In 2017, hotels became a relevant investment product with investment volumes amounting to €862 million and this sector is set to attract increasing investor interest.
“The past 12 months saw the emergence of the ‘power play’ deals in the CEE region, including strategic game-changing platform and portfolio transactions, which resulted in a record-breaking volume noted in 2017. Growing demand across the region will probably result in high investment volume in Q1 2018 due to the slippage of a number of deals from 2017,” said James Chapman, Partner, Capital Markets Group, Cushman & Wakefield.
2018 is expected to be another good year for the commercial real estate investment market with a robust investment demand driven by a strong economic outlook, inflow of new capital from outside Europe, re-activation of some recently less active buyers and increased focus on alternative asset classes (e.g. PRS, student housing) and hotels.
2018 will see a return of major €European names interested in office assets due to low vacancy levels and limited new supply in the region. We expect to see new capital inflow from the US, Canada, South Africa and Europe.

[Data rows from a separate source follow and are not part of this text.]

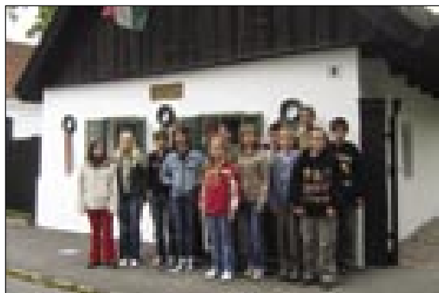
Pri Petőfijevo rojstni hiši

Zadnji smo nastopili mi iz Porabja. Skoraj 20 minut smo bili na odru, in lahko pove-mo, da smo zelo uživali, ker smo čutili, da je publika vmes ploskala in zapela z nami.
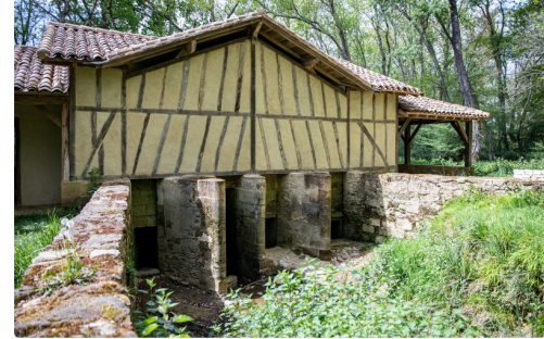
Le même sous un autre angle
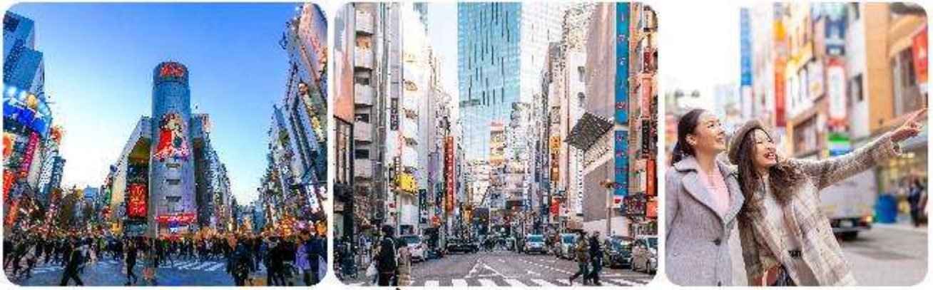
ช้อปปิ้งใจกลางกรุงโตเกียว

The CEE market shall witness further consolidation with a number of platform and portfolio deals. Prime yields will remain under pressure due to a solid investment demand and limited availability of assets especially in the core segment. We expect further net effective rental growth as well as yield compression in the office and logistics segments.

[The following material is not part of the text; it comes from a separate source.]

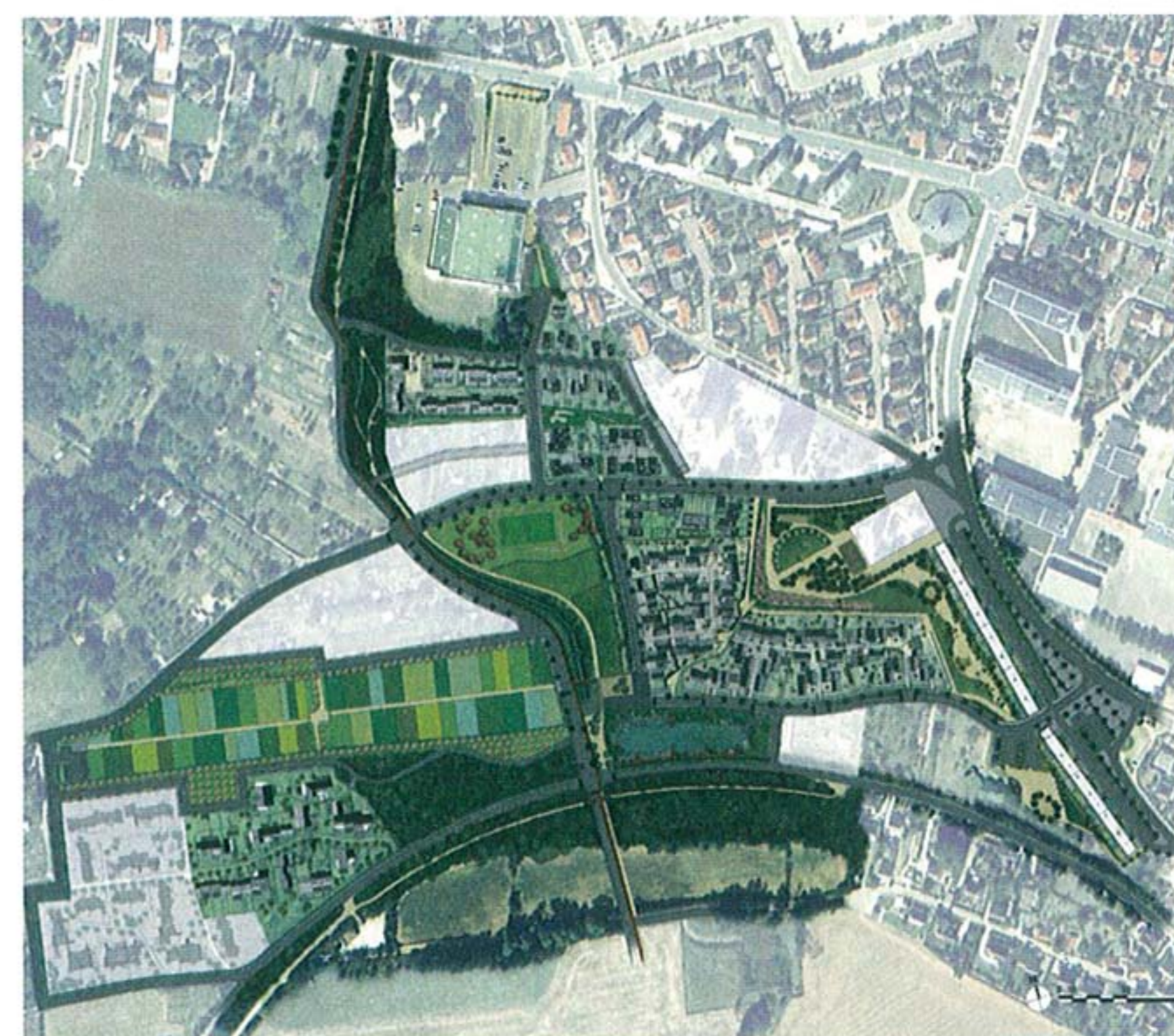
Plan masse du quartier des Brichères

In the light of excellent consumer spending growth, we’ll observe value opportunity creating yield differentiation across retail sector.
“In Q1 2018, investment volumes are likely to surpass €3bn, benefiting from deals closed in late 2017,” said James Chapman.

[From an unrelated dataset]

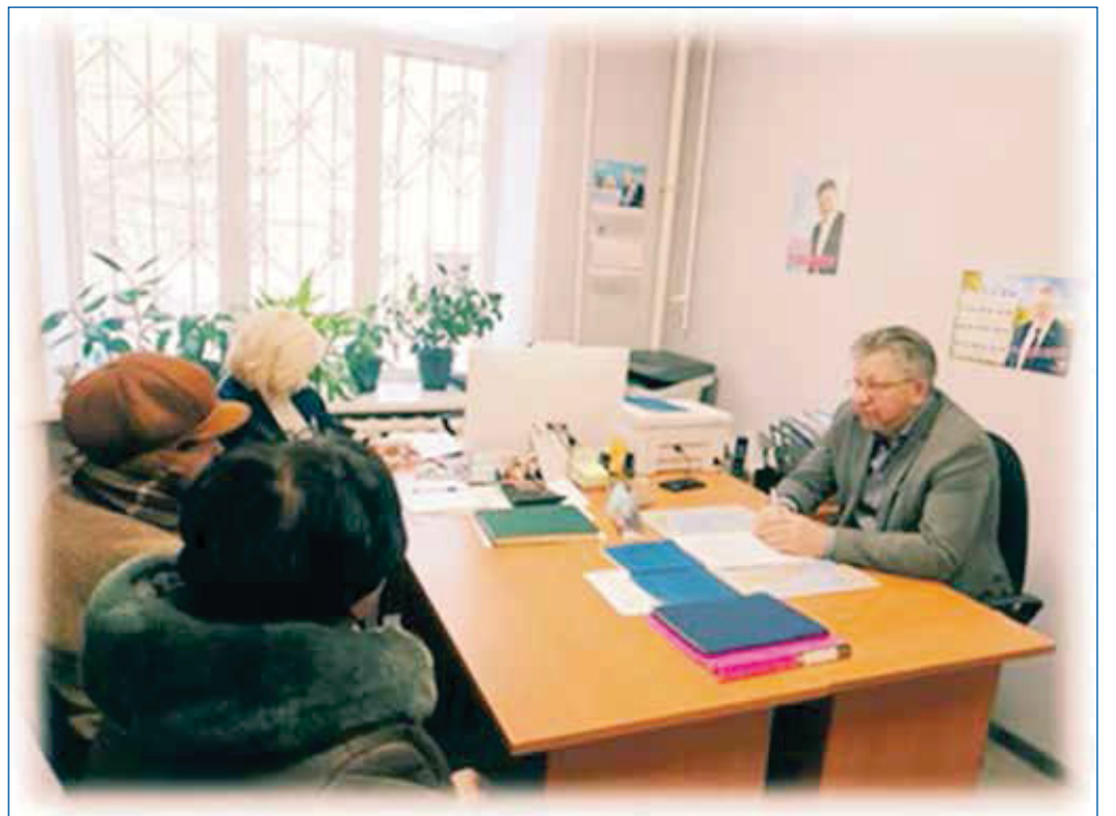
Прием граждан депутатом в общественной приемной по адресу ул. Степная, 54/1

мерно по 60 тысяч избирателей. У каждого из нас была колоссальная нагрузка. Я работал в системе соцзащиты практически с момента ее формирования — после выхода в 1993 году указа Президента о создании органов социальной защиты в России. И пришел в городской Совет с пониманием многих процессов, которые в тот момент были необходимы представительной ветви власти. Тогда этого очень не хватало для принятия правильных решений по организации качественной помощи населе-

“The growth of local capital has proven itself across CEE, but perhaps most significantly in CR where it was responsible for over 37 percent of the volume of investment in 2017, with CPI, Reico and Mint all figuring strongly, as well as IAD in Slovakia. Home-grown capital is steadily on the rise now in other CEE markets, with OTP Fund and Diofa active in Hungary. Local capital as a proportional to market size may still be smaller in Poland but even here companies like PZN and PHU have re-entered the market and are bidding on core offices. So the growth, depth and maturity of local capital continues – and it is now moving cross-border,” said Jeff Alson, International Partner, Capital Markets Group, Cushman & Wakefield.
Largest regional transactions in 2017:
CIC’s acquisition of Logicor’s warehouse portfolio, which was the largest industrial transaction in Poland in 2017 (Cushman & Wakefield advised the buyer)
Union Investment’s acquisition of the Magnolia Park shopping centre in Wrocław for approximately €380 million, the largest retail transaction in Poland in 2017 (Cushman & Wakefield advised the buyer)
Disposal of IKEA’s retail park portfolio (Cushman & Wakefield advised the vendor)
RREEF’s acquisition of a portfolio of Fashion House outlet centres (Cushman & Wakefield advised the buyer)
Reico’s acquisition of the Galeria Słoneczna shopping centre in Radom for approximately €160 million, the second largest single asset transaction on the Polish retail market in 2017 (Cushman & Wakefield advised the buyer)
Globalworth’s acquisition of a majority stake in Griffin Premium Real Estate Disposal of a portfolio of 11 retail properties in the Czech Republic, Poland, Romania and Hungary by CBRE Global Investors for approximately €650m (Cushman & Wakefield advised the vendor).